Would you repeat word for word the lines of the listing that follows, from the one with "2025年12月13日周大福" up to and including the one with "由电子信息类专业2020级(3)班徐云韬", and leave out the images?

> **Dataset content**:
___

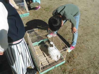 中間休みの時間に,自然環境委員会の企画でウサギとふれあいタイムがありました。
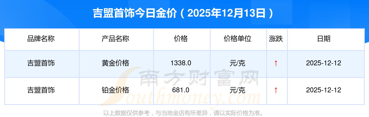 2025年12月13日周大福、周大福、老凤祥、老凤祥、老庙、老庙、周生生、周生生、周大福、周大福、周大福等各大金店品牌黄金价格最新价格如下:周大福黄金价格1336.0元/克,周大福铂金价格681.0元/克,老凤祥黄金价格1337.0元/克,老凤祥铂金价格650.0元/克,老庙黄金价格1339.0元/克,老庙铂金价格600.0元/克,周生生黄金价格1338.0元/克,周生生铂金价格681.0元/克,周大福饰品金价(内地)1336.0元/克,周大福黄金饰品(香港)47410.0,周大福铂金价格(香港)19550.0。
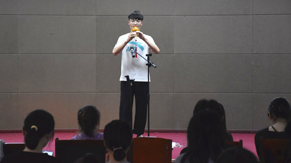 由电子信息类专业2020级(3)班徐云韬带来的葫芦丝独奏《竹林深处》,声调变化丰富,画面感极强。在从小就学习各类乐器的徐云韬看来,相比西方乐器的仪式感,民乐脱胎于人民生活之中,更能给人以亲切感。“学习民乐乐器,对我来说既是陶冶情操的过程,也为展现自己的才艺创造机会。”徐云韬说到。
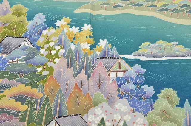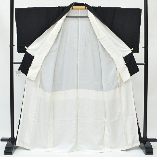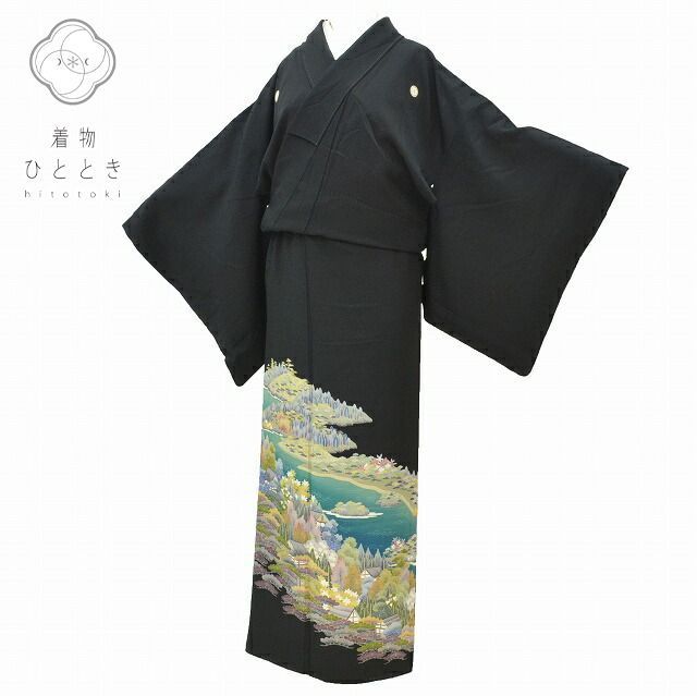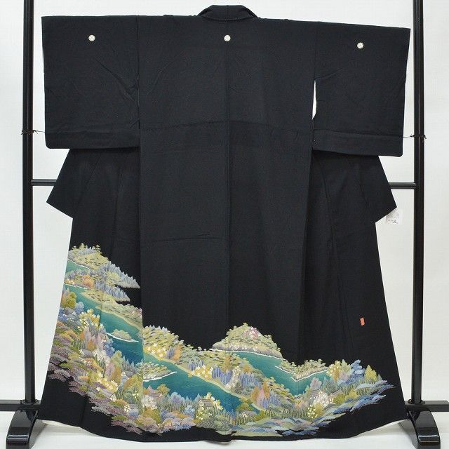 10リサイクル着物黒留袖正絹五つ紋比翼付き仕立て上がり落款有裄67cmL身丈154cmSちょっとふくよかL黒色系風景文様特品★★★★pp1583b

___

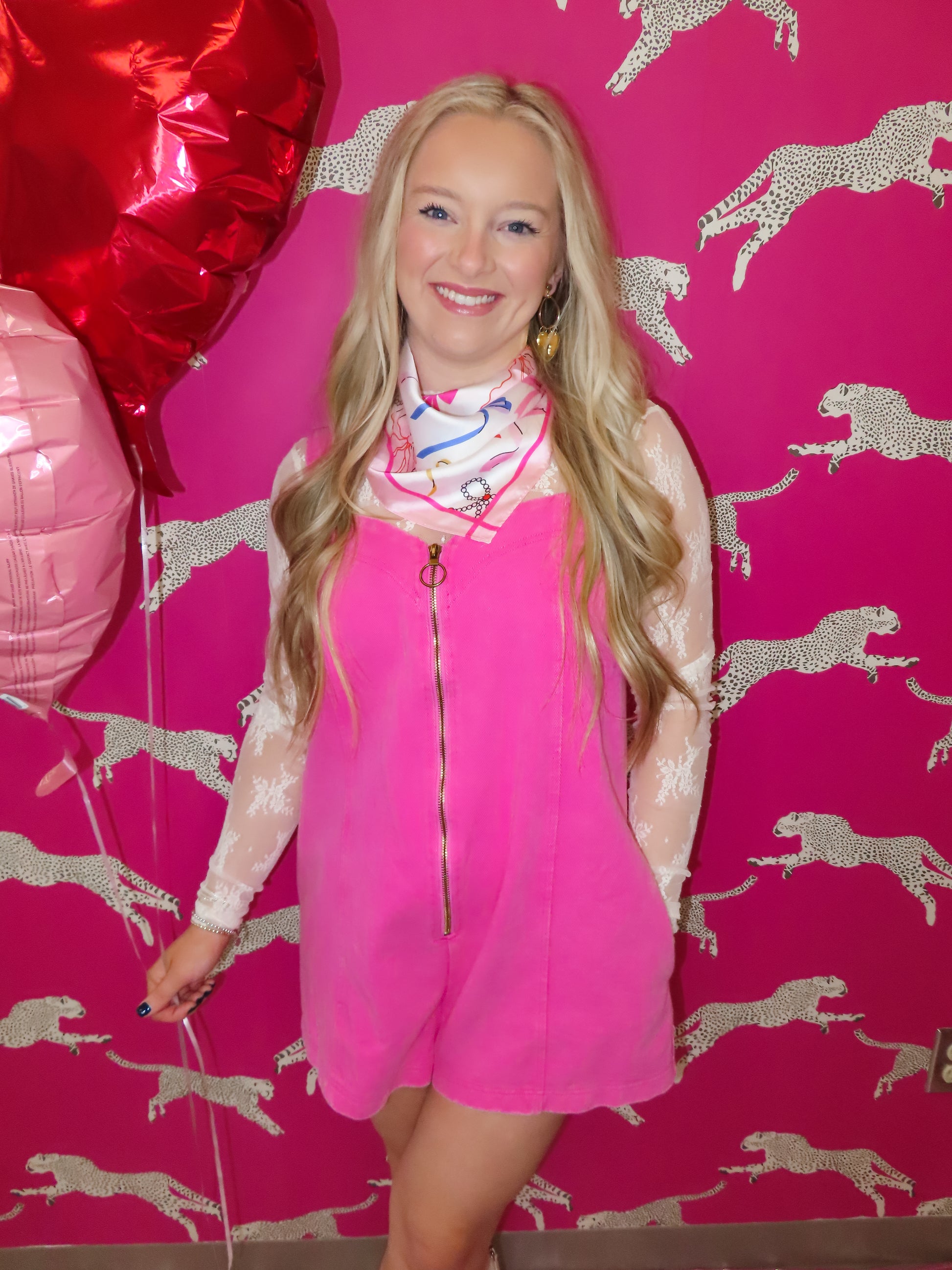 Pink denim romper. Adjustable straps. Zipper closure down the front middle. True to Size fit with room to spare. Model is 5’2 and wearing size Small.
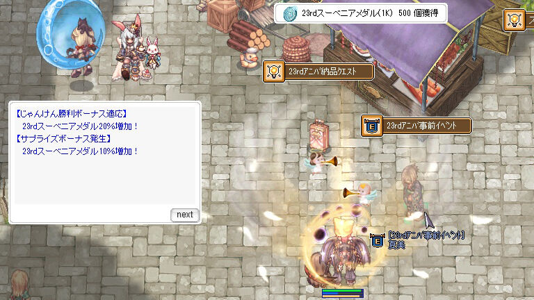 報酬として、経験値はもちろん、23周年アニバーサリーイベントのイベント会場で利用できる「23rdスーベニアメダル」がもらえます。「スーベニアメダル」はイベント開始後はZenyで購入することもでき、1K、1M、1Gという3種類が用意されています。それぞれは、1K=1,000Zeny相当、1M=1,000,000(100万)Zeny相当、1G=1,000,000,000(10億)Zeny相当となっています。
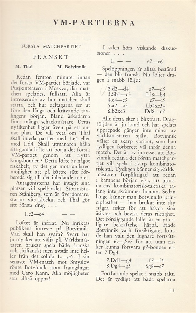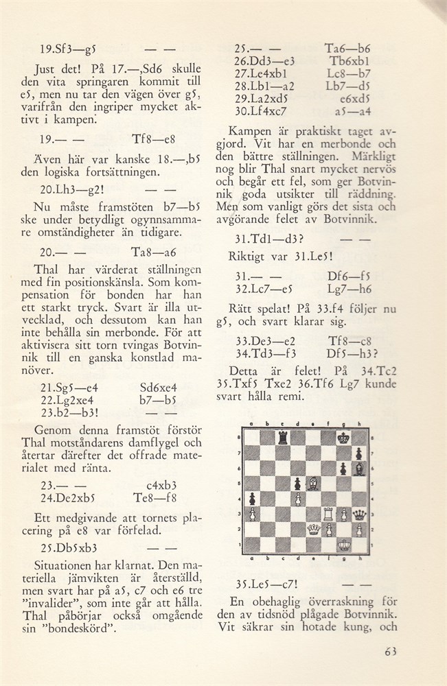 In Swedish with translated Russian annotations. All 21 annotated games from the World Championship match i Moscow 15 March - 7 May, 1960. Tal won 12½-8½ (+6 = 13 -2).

___

> **Reply to the task**:
 2025年12月13日周大福、周大福、老凤祥、老凤祥、老庙、老庙、周生生、周生生、周大福、周大福、周大福等各大金店品牌黄金价格最新价格如下:周大福黄金价格1336.0元/克,周大福铂金价格681.0元/克,老凤祥黄金价格1337.0元/克,老凤祥铂金价格650.0元/克,老庙黄金价格1339.0元/克,老庙铂金价格600.0元/克,周生生黄金价格1338.0元/克,周生生铂金价格681.0元/克,周大福饰品金价(内地)1336.0元/克,周大福黄金饰品(香港)47410.0,周大福铂金价格(香港)19550.0。
 由电子信息类专业2020级(3)班徐云韬带来的葫芦丝独奏《竹林深处》,声调变化丰富,画面感极强。在从小就学习各类乐器的徐云韬看来,相比西方乐器的仪式感,民乐脱胎于人民生活之中,更能给人以亲切感。“学习民乐乐器,对我来说既是陶冶情操的过程,也为展现自己的才艺创造机会。”徐云韬说到。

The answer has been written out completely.